[0/5] hugetlbfs: Disable PMD sharing for large systems

Message ID	20190911150537.19527-1-longman@redhat.com (mailing list archive)
Headers	show Return-Path: <SRS0=hojy=XG=vger.kernel.org=linux-fsdevel-owner@kernel.org> From: Waiman Long <longman@redhat.com> To: Peter Zijlstra <peterz@infradead.org>, Ingo Molnar <mingo@redhat.com>, Will Deacon <will.deacon@arm.com>, Alexander Viro <viro@zeniv.linux.org.uk>, Mike Kravetz <mike.kravetz@oracle.com> Cc: linux-kernel@vger.kernel.org, linux-fsdevel@vger.kernel.org, linux-mm@kvack.org, Davidlohr Bueso <dave@stgolabs.net>, Waiman Long <longman@redhat.com> Subject: [PATCH 0/5] hugetlbfs: Disable PMD sharing for large systems Date: Wed, 11 Sep 2019 16:05:32 +0100 Message-Id: <20190911150537.19527-1-longman@redhat.com> Sender: linux-fsdevel-owner@vger.kernel.org Precedence: bulk
Series	hugetlbfs: Disable PMD sharing for large systems \| expand [0/5] hugetlbfs: Disable PMD sharing for large systems [1/5] locking/rwsem: Add down_write_timedlock() [2/5] locking/rwsem: Enable timeout check when spinning on owner [3/5] locking/osq: Allow early break from OSQ [4/5] locking/rwsem: Enable timeout check when staying in the OSQ [5/5] hugetlbfs: Limit wait time when trying to share huge PMD

Message ID

20190911150537.19527-1-longman@redhat.com (mailing list archive)

Headers

From: Waiman Long <longman@redhat.com>
To: Peter Zijlstra <peterz@infradead.org>,
        Ingo Molnar <mingo@redhat.com>,
        Will Deacon <will.deacon@arm.com>,
        Alexander Viro <viro@zeniv.linux.org.uk>,
        Mike Kravetz <mike.kravetz@oracle.com>
Cc: linux-kernel@vger.kernel.org, linux-fsdevel@vger.kernel.org,
        linux-mm@kvack.org, Davidlohr Bueso <dave@stgolabs.net>,
        Waiman Long <longman@redhat.com>
Subject: [PATCH 0/5] hugetlbfs: Disable PMD sharing for large systems
Date: Wed, 11 Sep 2019 16:05:32 +0100
Message-Id: <20190911150537.19527-1-longman@redhat.com>
Sender: linux-fsdevel-owner@vger.kernel.org
Precedence: bulk

Series

hugetlbfs: Disable PMD sharing for large systems | expand

Message

Waiman Long Sept. 11, 2019, 3:05 p.m. UTC

A customer with large SMP systems (up to 16 sockets) with application
that uses large amount of static hugepages (~500-1500GB) are experiencing
random multisecond delays. These delays was caused by the long time it
took to scan the VMA interval tree with mmap_sem held.

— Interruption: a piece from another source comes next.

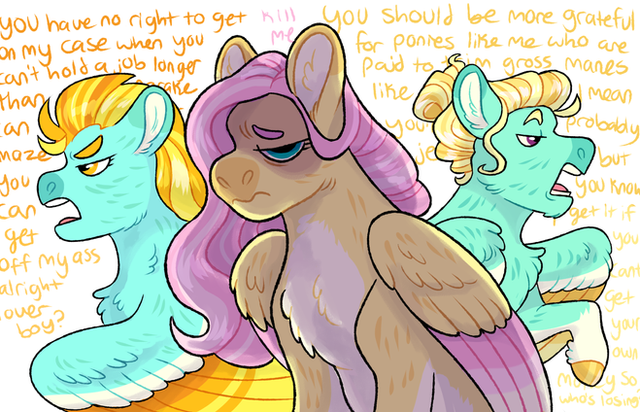 "...Okay. I...I'm coming," Mild Glow replied, her terrified voice barely above a whisper in the wind. A moment of hesitance was followed by a deep breath. Then what was supposed to be a jump off the cloud turned into a slip accompanied by a yelp. She haphazardly tumbled through the air about as gracefully as a penguin being thrown from a skyscraper, and the cry she let out was just as bad.
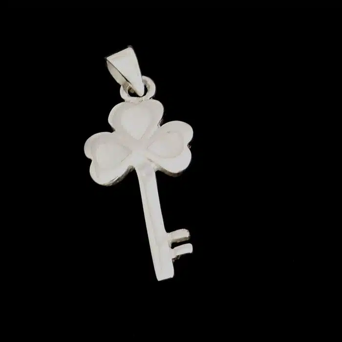 The heart key pendant is made from sterling silver and features a 92.5 stamp, this means it is 92.5% fine silver with no more than 7.5% of copper or other metals. This formula is internationally accepted and it gives sterling silver the hardness and the tolerance to work with. Anything higher than 92.5 would be too soft and tarnish too quickly. When you buy sterling silver from us we can guarantee it is just that!

To fix this problem while perserving existing behavior as much as
possible, we need to allow timeout in down_write() and disabling PMD
sharing when it is taking too long to do so. Since a transaction can
involving touching multiple huge pages, timing out for each of the huge
page interactions does not completely solve the problem. So a threshold
is set to completely disable PMD sharing if too many timeouts happen.

The first 4 patches of this 5-patch series adds a new
down_write_timedlock() API which accepts a timeout argument and return
true is locking is successful or false otherwise. It works more or less
than a down_write_trylock() but the calling thread may sleep.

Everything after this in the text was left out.